(Problem): Please retype exactly the lines from the one containing "Sterling Silver 925" through the end of the records, leaving out the pictures.

(Items from a dataset)
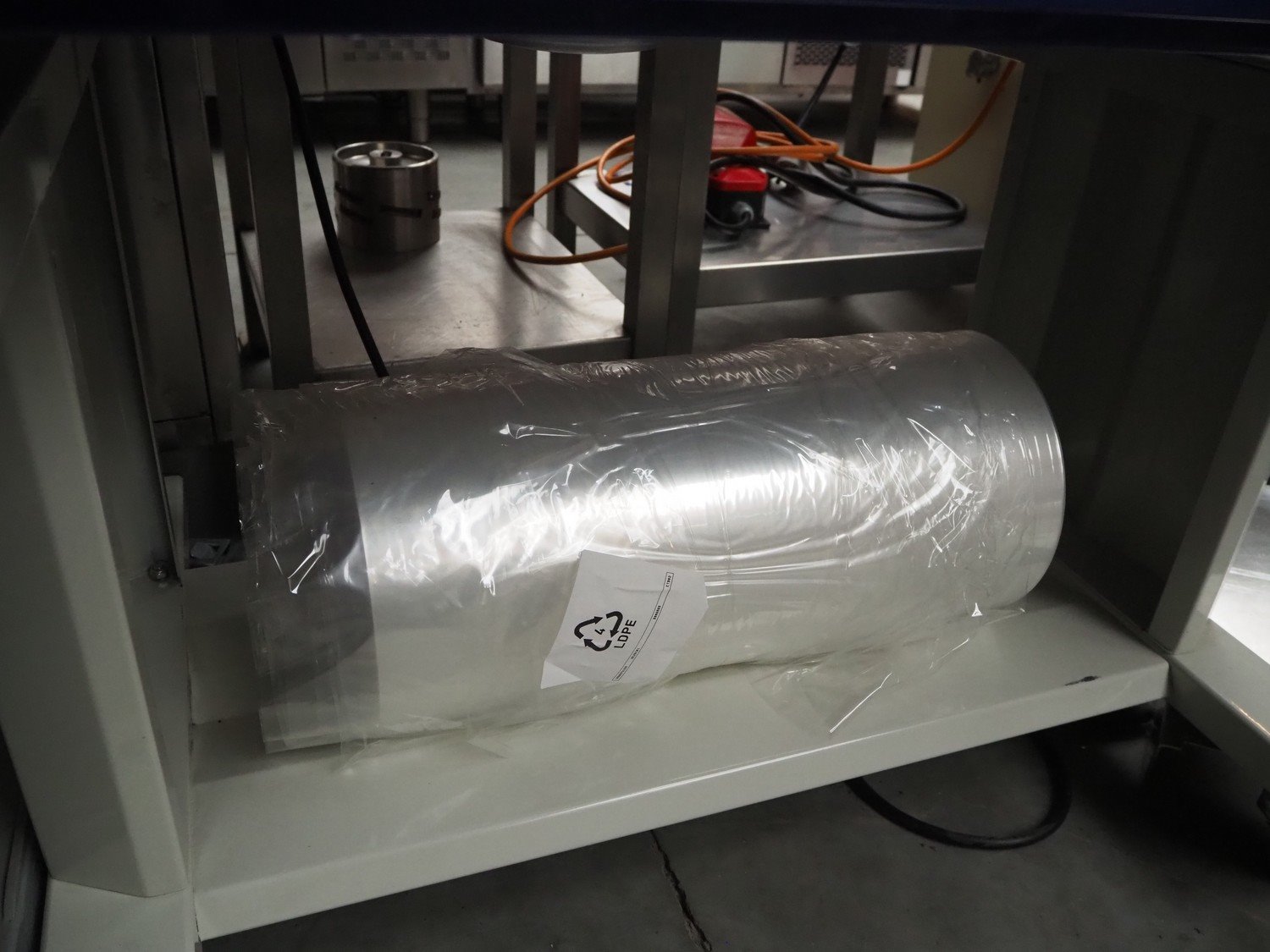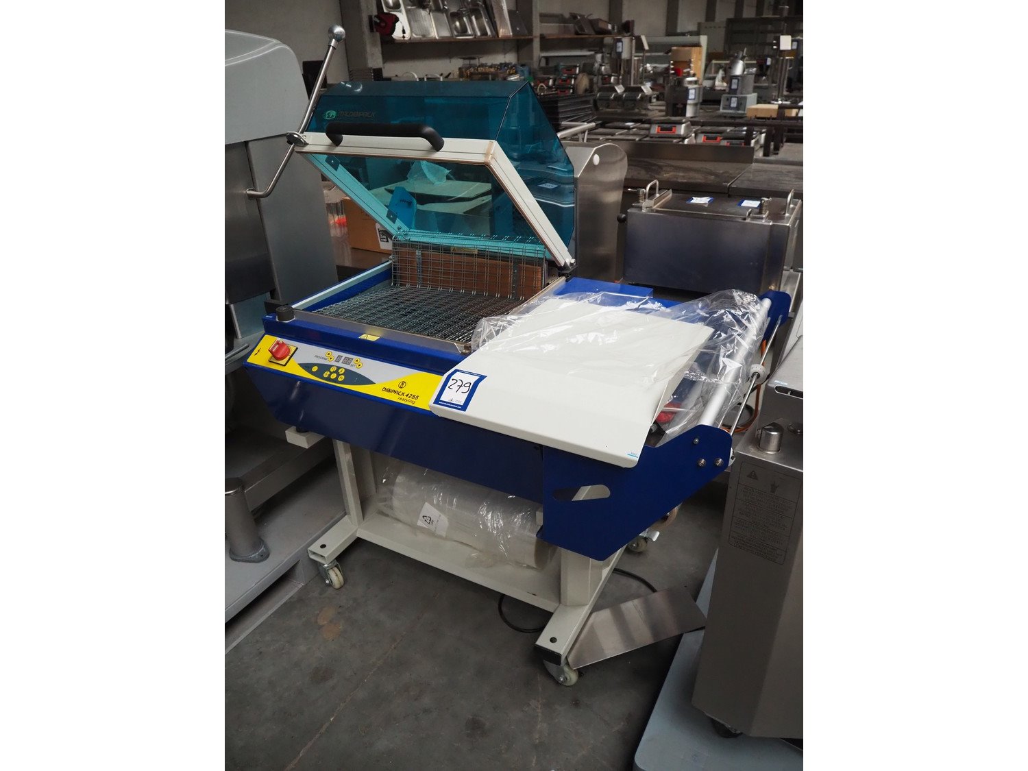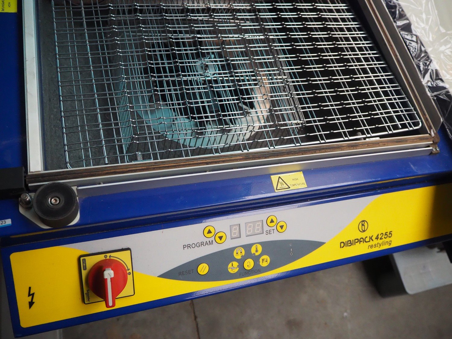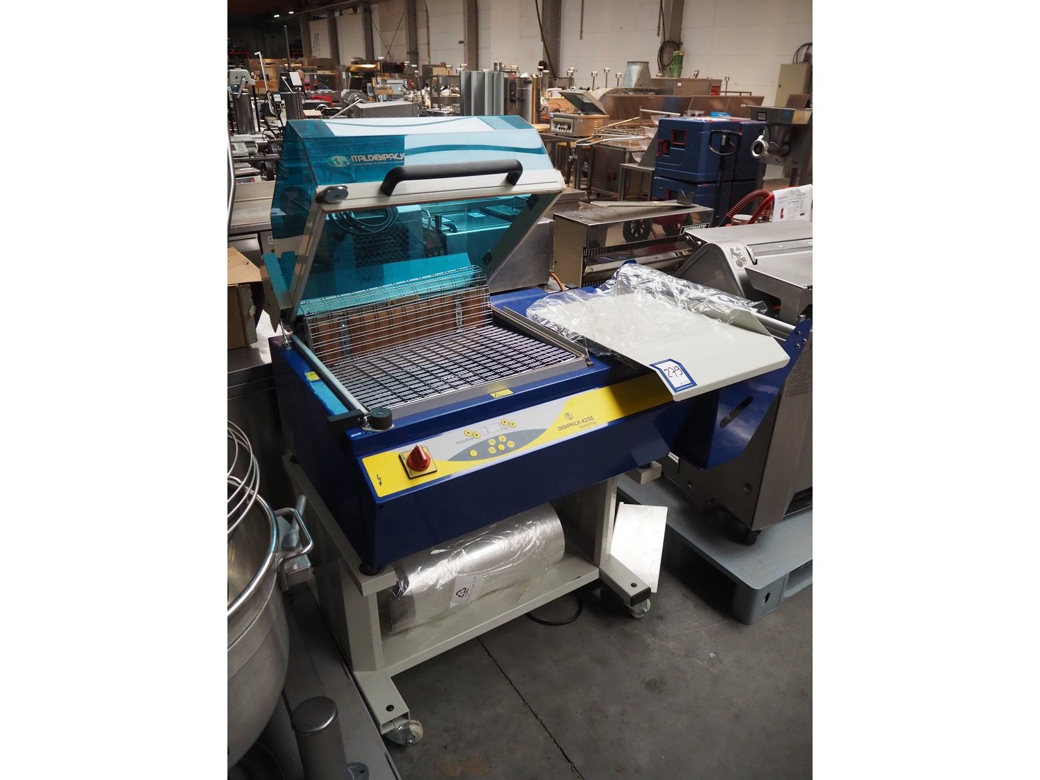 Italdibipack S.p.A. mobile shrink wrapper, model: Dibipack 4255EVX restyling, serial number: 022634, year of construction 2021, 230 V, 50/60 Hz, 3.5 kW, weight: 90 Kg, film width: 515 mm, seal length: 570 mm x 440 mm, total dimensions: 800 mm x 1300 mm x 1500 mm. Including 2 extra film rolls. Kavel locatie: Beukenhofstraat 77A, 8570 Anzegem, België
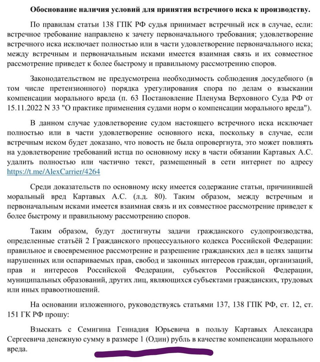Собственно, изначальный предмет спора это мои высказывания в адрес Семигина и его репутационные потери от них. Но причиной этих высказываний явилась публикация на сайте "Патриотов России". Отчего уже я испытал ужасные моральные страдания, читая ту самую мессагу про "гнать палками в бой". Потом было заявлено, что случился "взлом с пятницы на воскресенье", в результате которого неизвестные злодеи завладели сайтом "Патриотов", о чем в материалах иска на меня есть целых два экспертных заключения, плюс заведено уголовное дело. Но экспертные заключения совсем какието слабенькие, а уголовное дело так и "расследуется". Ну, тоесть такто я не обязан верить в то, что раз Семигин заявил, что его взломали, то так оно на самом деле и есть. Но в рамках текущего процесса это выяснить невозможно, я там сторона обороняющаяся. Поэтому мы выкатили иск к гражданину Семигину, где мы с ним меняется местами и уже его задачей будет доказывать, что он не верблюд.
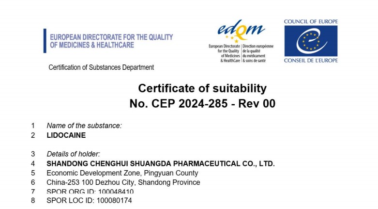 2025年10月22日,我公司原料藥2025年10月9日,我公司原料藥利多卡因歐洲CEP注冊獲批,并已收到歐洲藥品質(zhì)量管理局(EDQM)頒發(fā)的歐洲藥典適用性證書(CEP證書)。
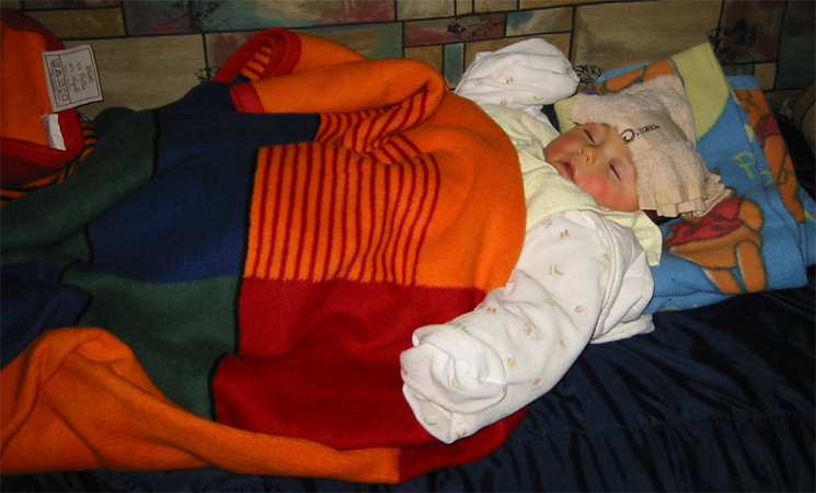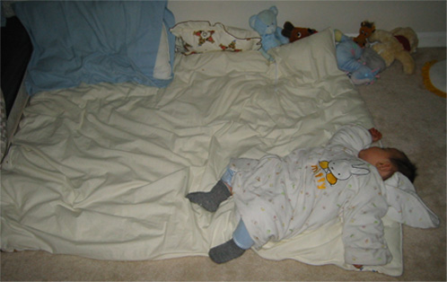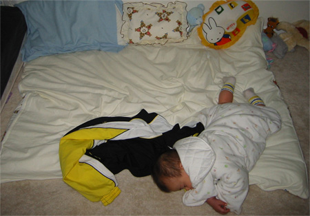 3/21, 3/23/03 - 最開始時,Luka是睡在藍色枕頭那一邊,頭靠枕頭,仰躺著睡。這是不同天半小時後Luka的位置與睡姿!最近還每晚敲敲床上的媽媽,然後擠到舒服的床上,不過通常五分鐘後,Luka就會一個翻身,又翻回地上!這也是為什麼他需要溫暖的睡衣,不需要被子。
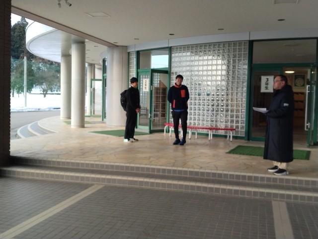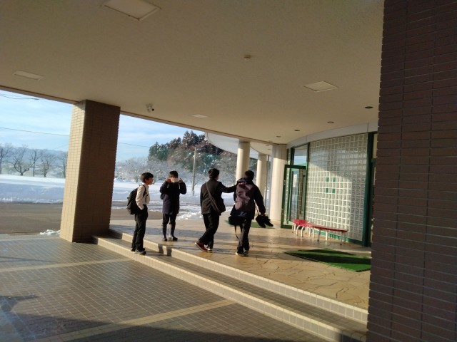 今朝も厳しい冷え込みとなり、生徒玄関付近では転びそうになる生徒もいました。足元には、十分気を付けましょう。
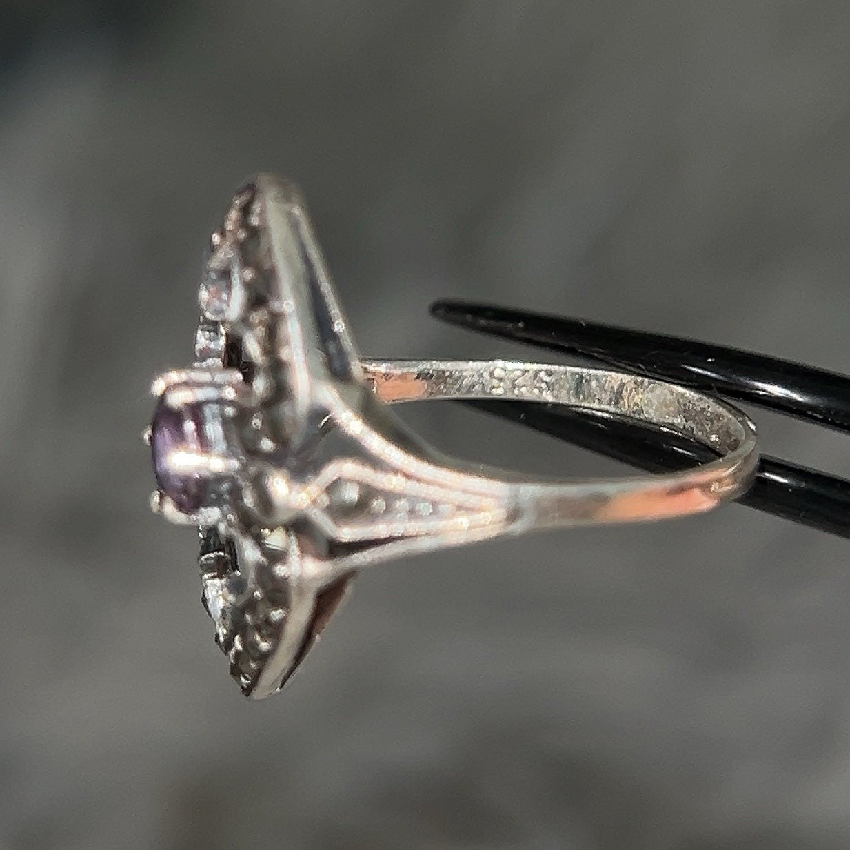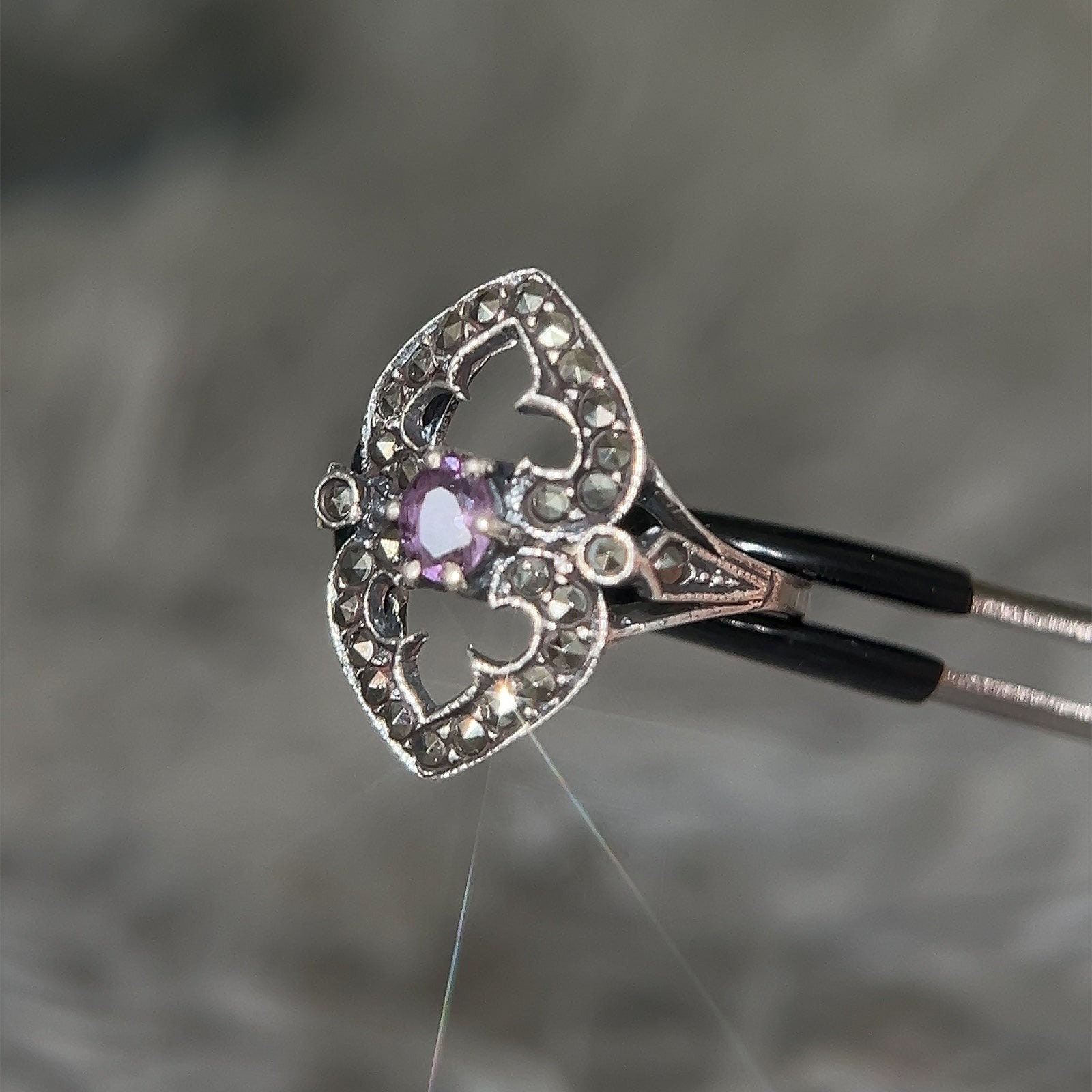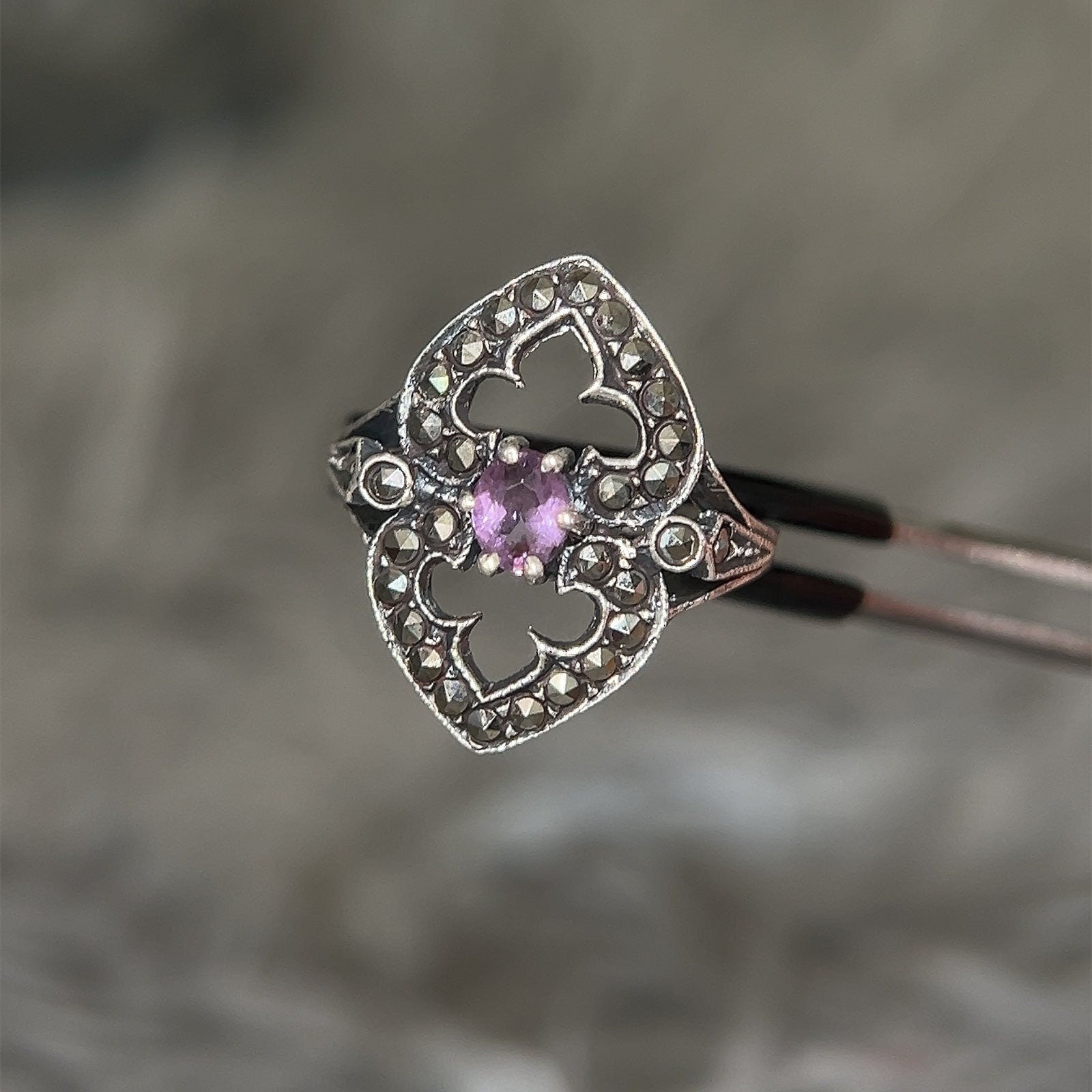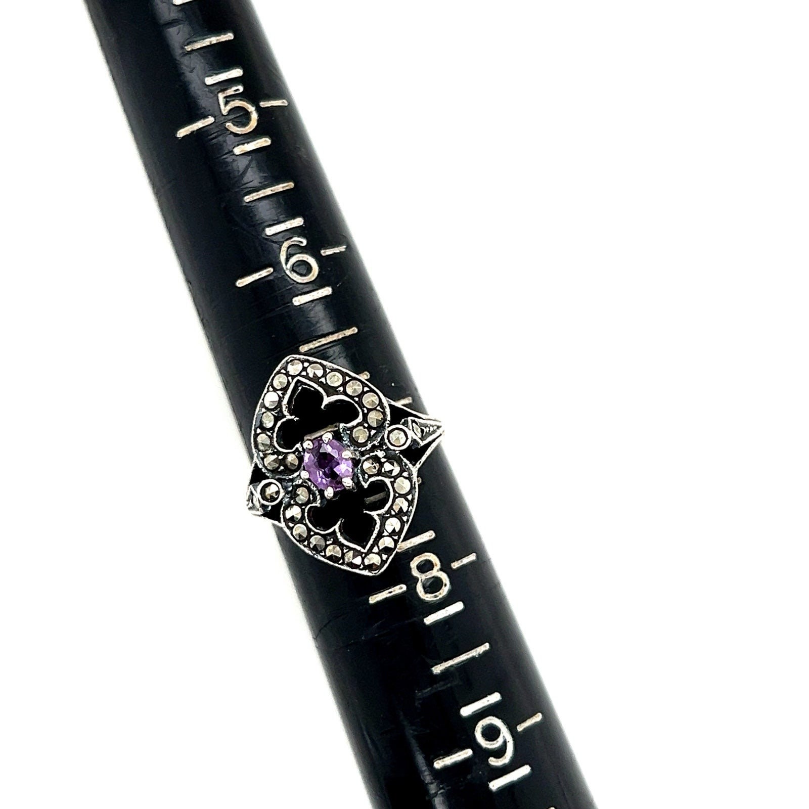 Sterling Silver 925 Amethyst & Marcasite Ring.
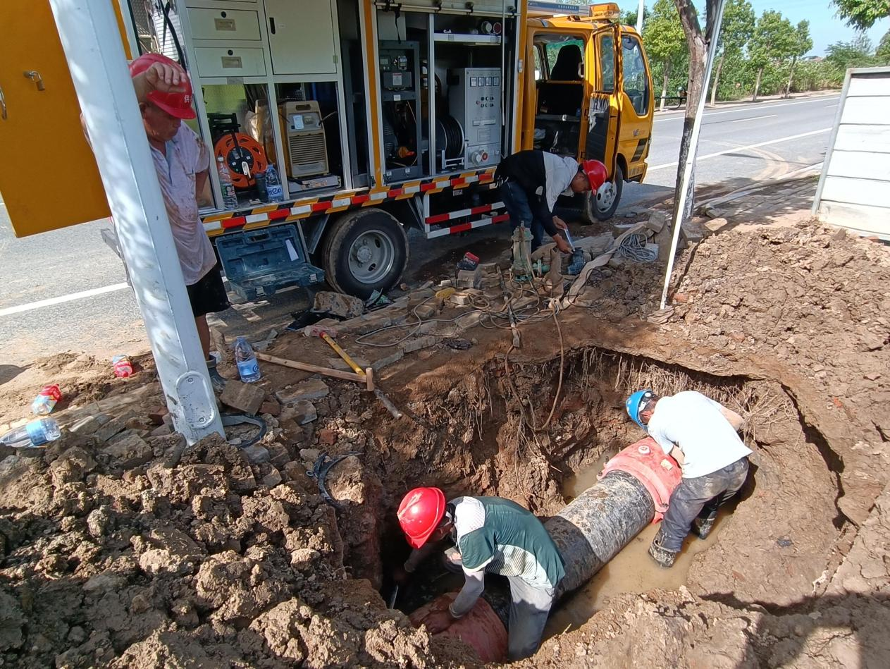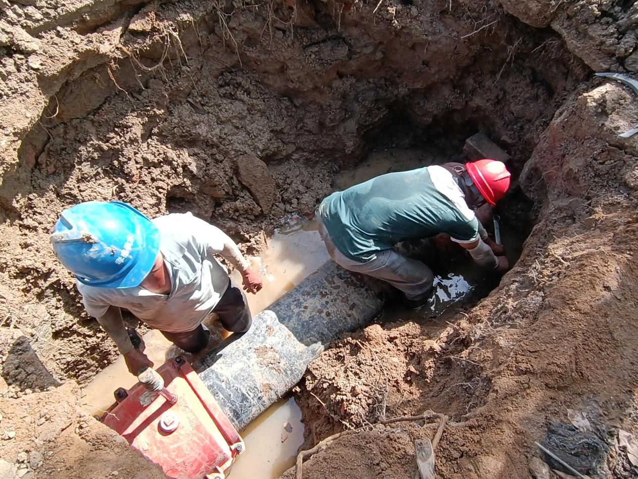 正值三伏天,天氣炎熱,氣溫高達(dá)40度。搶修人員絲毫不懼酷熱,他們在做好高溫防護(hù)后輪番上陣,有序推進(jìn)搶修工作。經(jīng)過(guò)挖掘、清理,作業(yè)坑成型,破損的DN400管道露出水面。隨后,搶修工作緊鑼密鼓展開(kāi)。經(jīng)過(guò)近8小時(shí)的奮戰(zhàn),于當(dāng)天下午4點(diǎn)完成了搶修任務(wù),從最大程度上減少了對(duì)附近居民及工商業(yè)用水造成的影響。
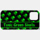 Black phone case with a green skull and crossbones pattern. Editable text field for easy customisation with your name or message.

(Solution for this problem):
 Sterling Silver 925 Amethyst & Marcasite Ring.
 正值三伏天,天氣炎熱,氣溫高達(dá)40度。搶修人員絲毫不懼酷熱,他們在做好高溫防護(hù)后輪番上陣,有序推進(jìn)搶修工作。經(jīng)過(guò)挖掘、清理,作業(yè)坑成型,破損的DN400管道露出水面。隨后,搶修工作緊鑼密鼓展開(kāi)。經(jīng)過(guò)近8小時(shí)的奮戰(zhàn),于當(dāng)天下午4點(diǎn)完成了搶修任務(wù),從最大程度上減少了對(duì)附近居民及工商業(yè)用水造成的影響。
 Black phone case with a green skull and crossbones pattern. Editable text field for easy customisation with your name or message.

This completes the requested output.